_SUPPLIED INFORMATION_
┄┄┄┄┄┄┄┄┄┄

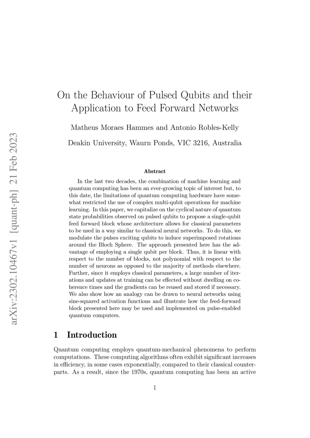 In the last two decades, the combination of machine learning and quantum computing has been an ever-growing topic of interest but, to this date, the limitations of quantum computing hardware have somewhat restricted the use of complex multi-qubit operations for machine learning. In this paper, we capitalize on the cyclical nature of quantum state probabilities observed on pulsed qubits to propose a single-qubit feed forward block whose architecture allows for classical parameters to be used in a way similar to classical neural networks. To do this, we modulate the pulses exciting qubits to induce superimposed rotations around the Bloch Sphere. The approach presented here has the advantage of employing a single qubit per block. Thus, it is linear with respect to the number of blocks, not polynomial with respect to the number of neurons as opposed to the majority of methods elsewhere. Further, since it employs classical parameters, a large number of iterations and updates at training can be effected without dwelling on coherence times and the gradients can be reused and stored if necessary. We also show how an analogy can be drawn to neural networks using sine-squared activation functions and illustrate how the feed-forward block presented here may be used and implemented on pulse-enabled quantum computers.
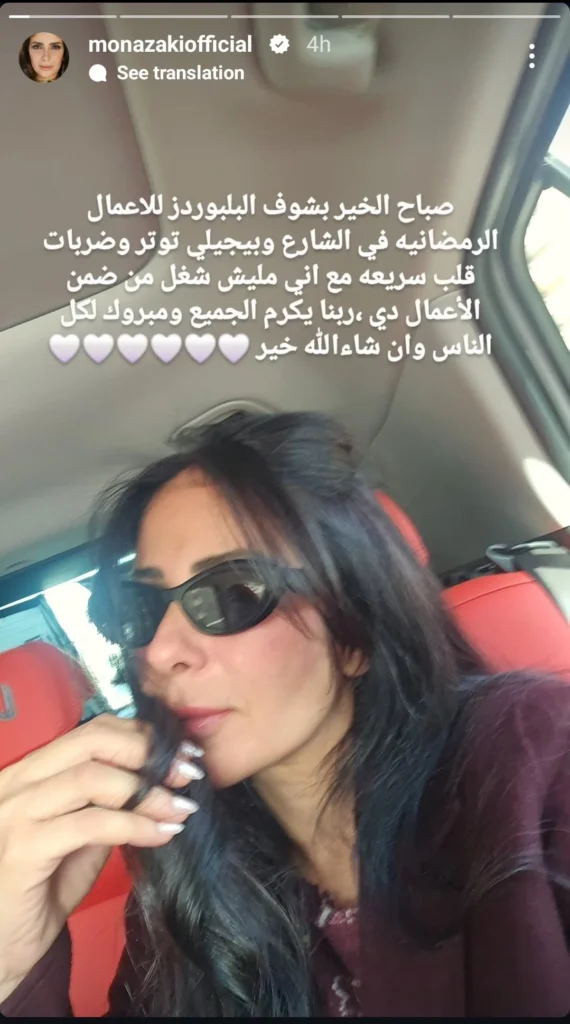 وكتبت منى: “صباح الخير بشوف البلبوردر للأعمال الرمضانية في الشارع وبيجيلي توتر وضربات قلب سريعة مع إني مليش شغل من الأعمال دي، ربنا يكرم الجميع ومبروك لكل الناس وإن شاء الله خير”.
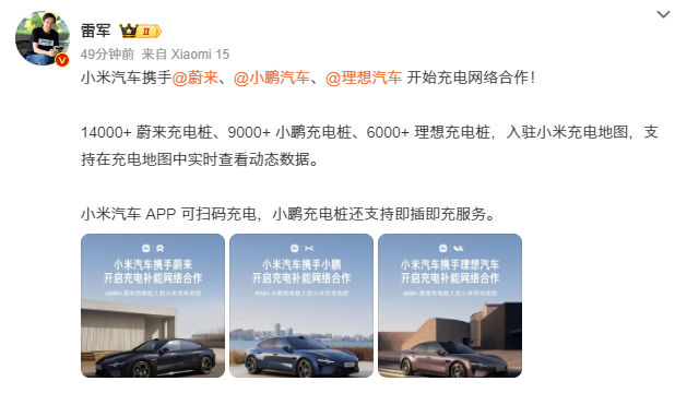 12月25日,小米集团创始人、董事长兼首席执行官雷军通过微博宣布,小米汽车与蔚来、小鹏汽车及理想汽车正式达成充电网络合作。此次合作将覆盖蔚来超14000个充电桩、小鹏超9000个充电桩以及理想超6000个充电桩,这些充电桩将全面入驻小米充电地图,为用户提供实时动态的充电信息。

┄┄┄┄┄┄┄┄┄┄

_AIM OF THE EXERCISE_
Setting the pictures aside, return exactly the lines from the line with "الخير بشوف البلبوردر" through the last line of the listing above.

_ANSWER AREA_
 وكتبت منى: “صباح الخير بشوف البلبوردر للأعمال الرمضانية في الشارع وبيجيلي توتر وضربات قلب سريعة مع إني مليش شغل من الأعمال دي، ربنا يكرم الجميع ومبروك لكل الناس وإن شاء الله خير”.
 12月25日,小米集团创始人、董事长兼首席执行官雷军通过微博宣布,小米汽车与蔚来、小鹏汽车及理想汽车正式达成充电网络合作。此次合作将覆盖蔚来超14000个充电桩、小鹏超9000个充电桩以及理想超6000个充电桩,这些充电桩将全面入驻小米充电地图,为用户提供实时动态的充电信息。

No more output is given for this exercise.